Any idea why this is not working?
transform(df, All() .=> string; renamecols=false)
Isn't it supposed to apply the string function to all columns and as a result convert them? When adding ByRow it works, but an operation like this should be on entire columns not on each row.

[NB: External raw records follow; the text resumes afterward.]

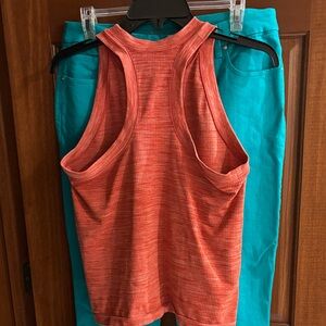 Soft ribbed tank in a warm orange hue. Sleeveless cut with a classic round neckline. Lightweight and versatile for layering or alone. Tags removed but think this was from Target.
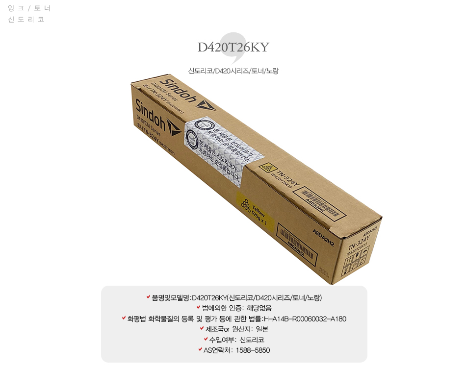 [업체별도배송]D420T26KY(신도리코/D420시리즈/토너/노랑)/개
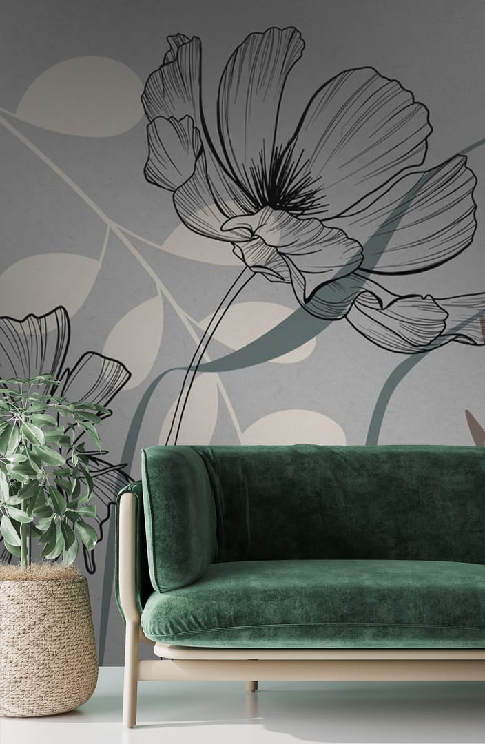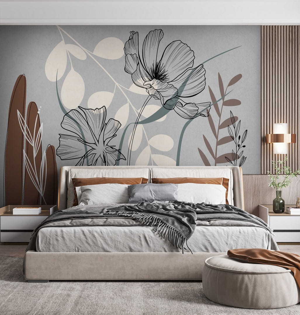 Aduceți o briză de aer proaspăt în interior cu acest tapet uimitor, decorat cu flori și frunze delicate. Culorile delicate și liniile artistice creează o atmosferă calmă, perfectă pentru un colț confortabil de lectură sau un living plin de viață. Imaginați-vă cum vă cufundați în fotoliul preferat, cu o băutură caldă în mână, înconjurați de această frumusețe florală. Este ca și cum ați avea o grădină care nu se ofilește niciodată – nu este nevoie să o udați! Designul unic al acestui fototapet adaugă personalitate și farmec, făcând orice spațiu să pară instantaneu mai primitor. Imaginați-vă doar complimentele!
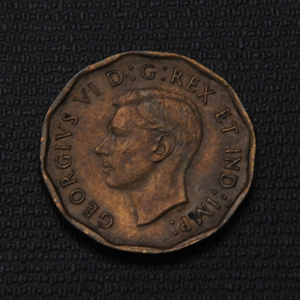 The 1942 Canadian 5 cents coin made of tombac was produced during World War II, when nickel was reserved for wartime production, resulting in a temporary switch to an alloy called tombac (composed mainly of copper and zinc). To help distinguish it from the similarly colored 1-cent coin, the tombac 5-cent coins featured a unique dodecagonal (12-sided) shape and a bright yellow-bronze appearance, with the reverse showing a beaver on a log and the obverse displaying King George VI. The coin was non-magnetic, weighed 4.54 grams, had a diameter of 21.3 mm, and a plain edge, with a total mintage of approximately 3.4 million pieces. This distinctive coin reflected Canadian ingenuity in response to wartime resource constraints and was highly recognizable in circulation at the time.
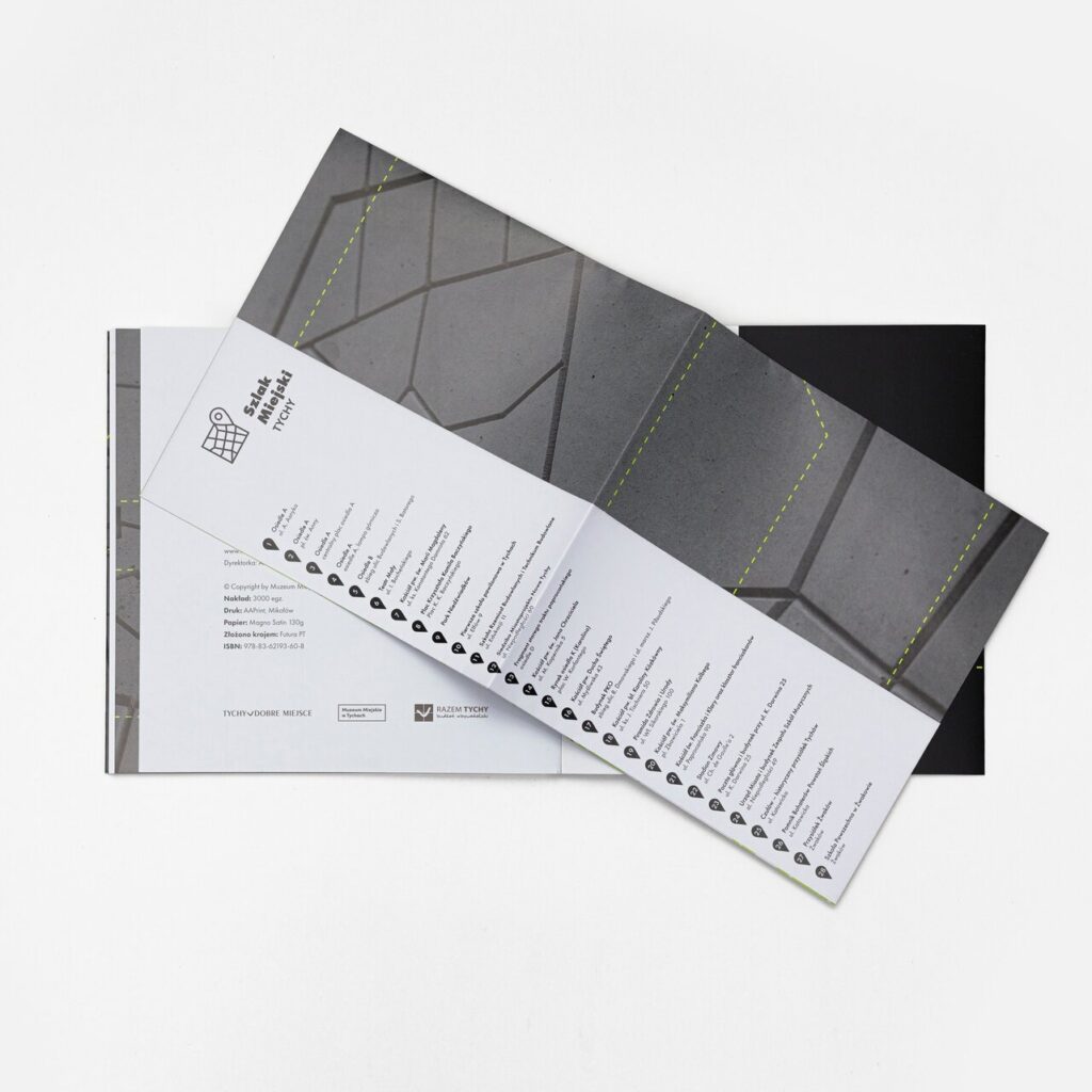 Odświeżona w 2021 roku identyfikacja graficzna Szlaku Miejskiego Tychy znalazła swoje odzwierciedlenie w szacie graficznej przewodnika. Na tylnej okładce publikacji umieszczono rozkładaną mapę z lokalizacjami opisywanych obiektów, oznaczonymi w formie czytelnych pinezek. Za projekt graficzny i skład odpowiada Marcin Kasperek z KLAR Studio.
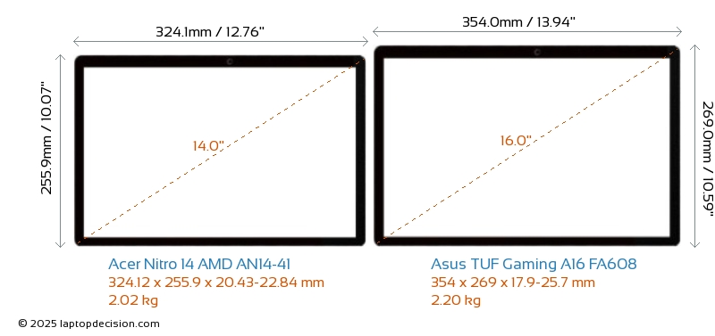 SD Card Reader Nitro 14 AMD AN14-41 is equipped with an SD Card Reader for easy access to memory cards. TUF Gaming A16 FA608 does not have an SD Card Reader.
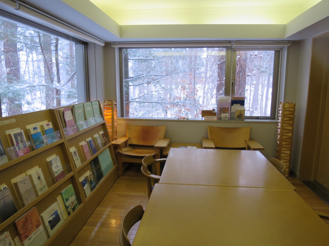 なお、1階には簡単なカフェもあるので、休憩もできます。外国樹見本林を望む静かな環境でくつろぐことができます。旭川の道の駅のおみやげコーナーでも売っている「氷点」ブランドのお菓子や雑貨のお土産がこちらにもありました。さすがに文学記念館の方が種類が充実していました。
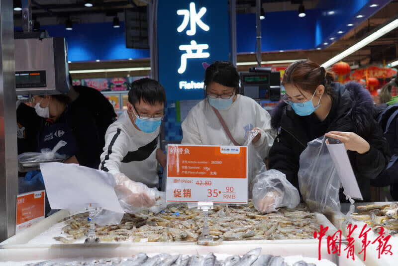 2月11日,北京市天通苑龙德广场家乐福,采购虾的顾客。一些年轻顾客是第一次在外过年,也是第一次自己操持年夜饭、采购食材,不少人请教售货员阿姨如何选择更新鲜的食材,售货员阿姨也很热心地教他们。中青报·中青网记者 王嘉兴/摄
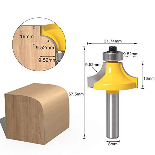5pcs Bit di Router Gambo 8mm Set di Utensili ad Angolo Arrotondato Acciaio al Carbonio Utensili da Taglio Professionali per Legno Bit diRouter per Taglio da Cornice per Arrotondare il Legno
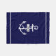 Navy blue and white nautical anchor and lines fleece blanket
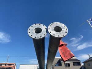 続いて、穴掘りが完了するとこんな管を埋め込みます!ここに電柱を差し込むんですね!
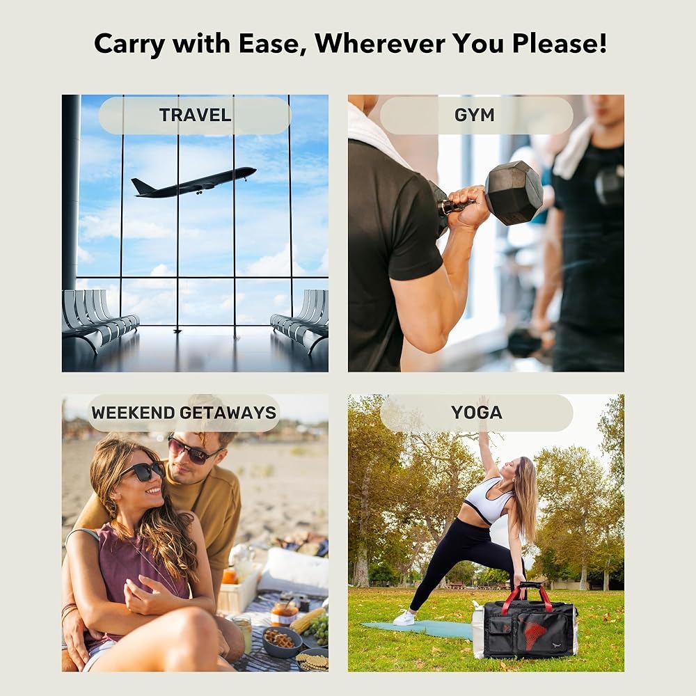 مواد متينة ومقاومة للماء: احمِ متعلقاتك من العناصر من خلال حقيبة التمارين الرياضية الصغيرة ذات الجودة العالية والمقاومة للعوامل الجوية. اختر حقيبتنا الليلية لعطلة نهاية الأسبوع
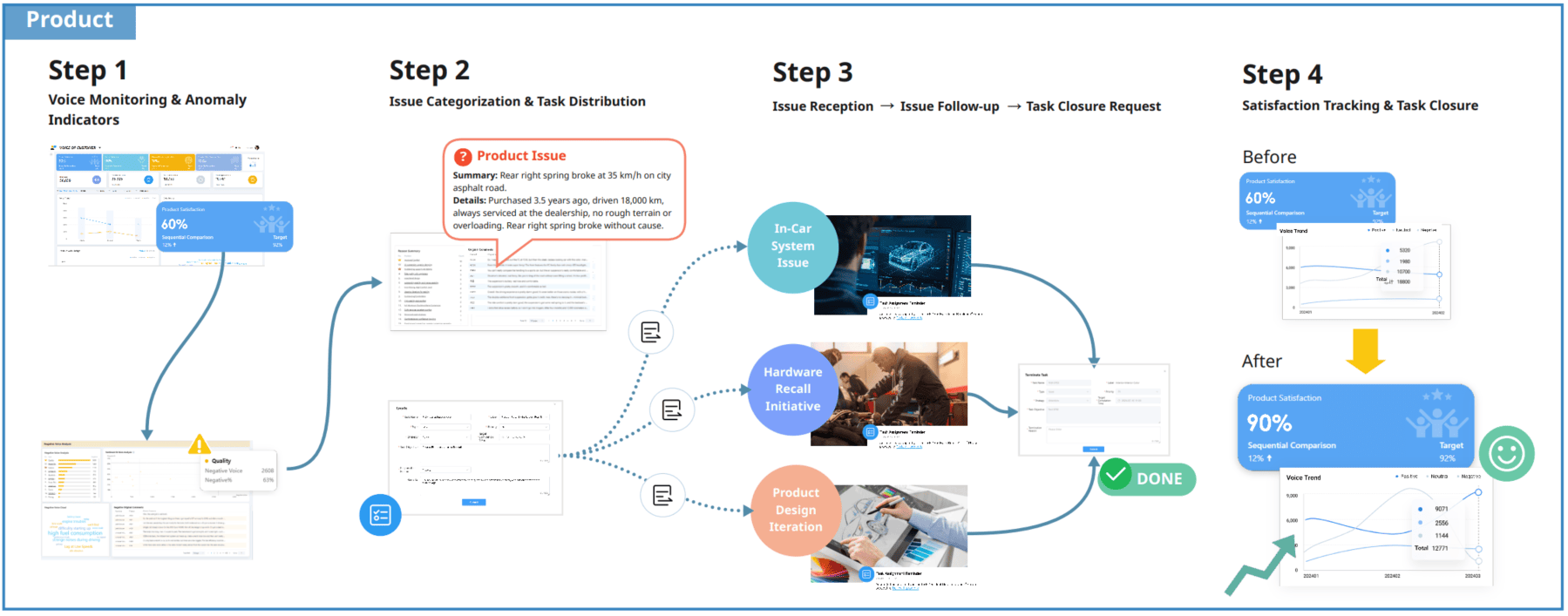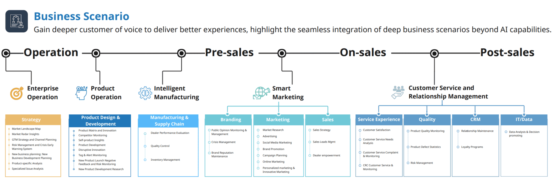 The charm of the VOC solution also lies in the fact that its application extends beyond this, offering a multitude of scalable business applications. We truly recognize the potential of VOC solution to elevate businesses to new heights of customer satisfaction, market responsiveness and corporate operation. It is a beacon of innovation, guiding enterprises through the complex landscape of customer voices with clarity, precision, and an unwavering commitment to excellence.
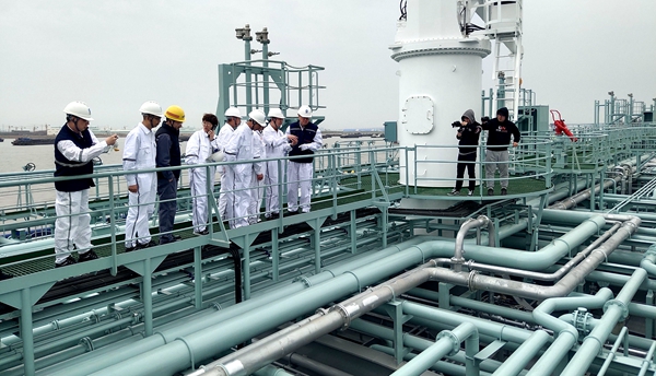 在劉海金總經理的陪同下,山東海運公司董事長于冰、總經理徐濤等一行嘉賓參觀了20#50000噸化學品船的甲板、機艙。站在新建的船舶上,看著嶄新的船舶設備設施和出航前船舶的運行狀態(tài),于冰董事長對給予了充分肯定和高度評價,并表示與新時代造船的精誠合作一定會讓雙方實現(xiàn)共贏目標。
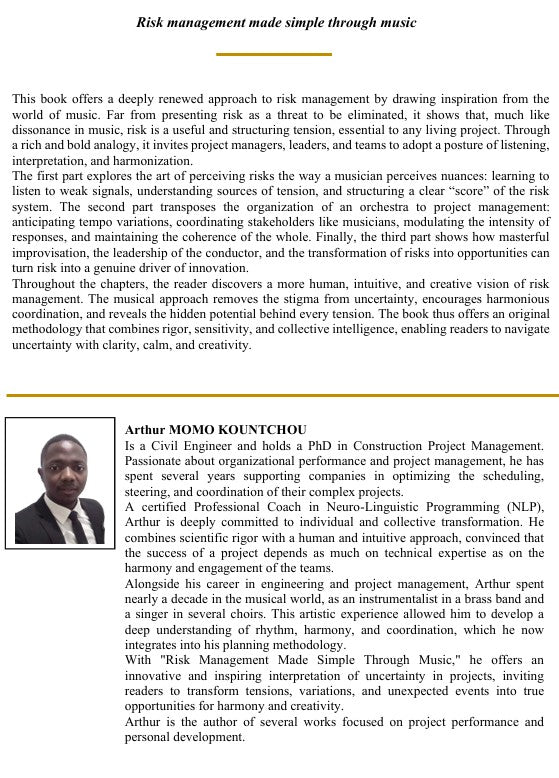 Throughout the chapters, the reader discovers a more human, intuitive, and creative vision of risk management. The musical approach removes the stigma from uncertainty, encourages harmonious coordination, and reveals the hidden potential behind every tension. The book thus offers an original methodology that combines rigor, sensitivity, and collective intelligence, enabling readers to navigate uncertainty with clarity, calm, and creativity.
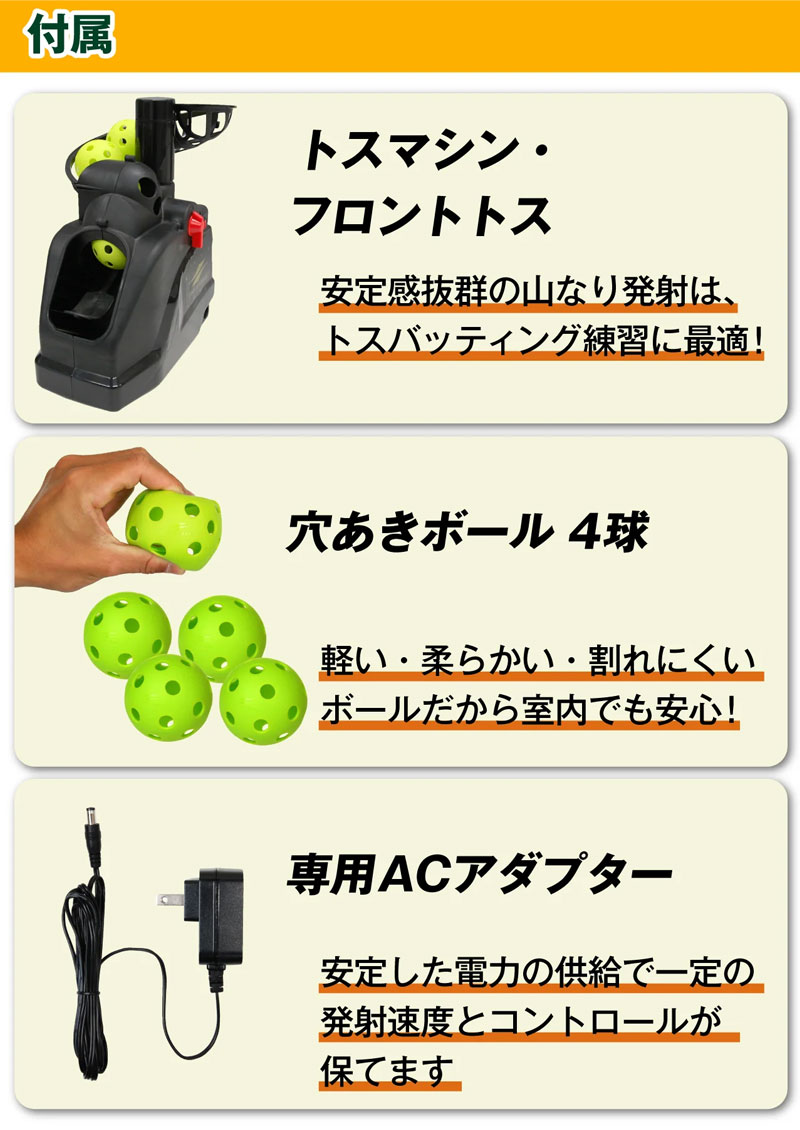 トスマシン・フロントトス1台/穴あきボール4球/ACアダプター
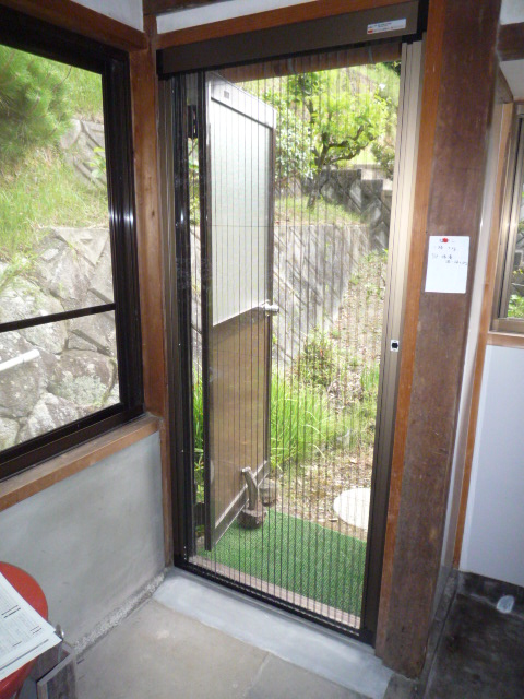 虫除け対策のために、勝手口の開きサッシドアに、ロール式網戸を取付けた施工事例です。

What you describe works as expected. string takes a whole vector and converts it to string (the vector, not its contents). To work on elements of the vector use ByRow, as you have commented, or use broadcasting:
julia> df = DataFrame(x=1:2, y=3:4, z=5:6)
2×3 DataFrame
Row │ x y z
│ Int64 Int64 Int64
─────┼─────────────────────
1 │ 1 3 5
2 │ 2 4 6
julia> transform(df, All() .=> string; renamecols=false)
2×3 DataFrame
Row │ x y z
│ String String String
─────┼────────────────────────
1 │ [1, 2] [3, 4] [5, 6]
2 │ [1, 2] [3, 4] [5, 6]
julia> transform(df, All() .=> ByRow(string); renamecols=false)
2×3 DataFrame
Row │ x y z
│ String String String
─────┼────────────────────────
1 │ 1 3 5
2 │ 2 4 6
julia> string.(df) # broadcasting version
2×3 DataFrame
Row │ x y z
│ String String String
─────┼────────────────────────
1 │ 1 3 5
2 │ 2 4 6
The reason why in All() .=> string you still get a vector is that transform enforces that the number of rows is not changed in the result. Therefore the resulting string is reused. Note that with combine you would get a single row:
julia> combine(df, All() .=> string; renamecols=false)
1×3 DataFrame
Row │ x y z
│ String String String
─────┼────────────────────────
1 │ [1, 2] [3, 4] [5, 6]
To highlight the issue see how string operates on a vector without DataFrames.jl:
julia> string([1, 2])
"[1, 2]"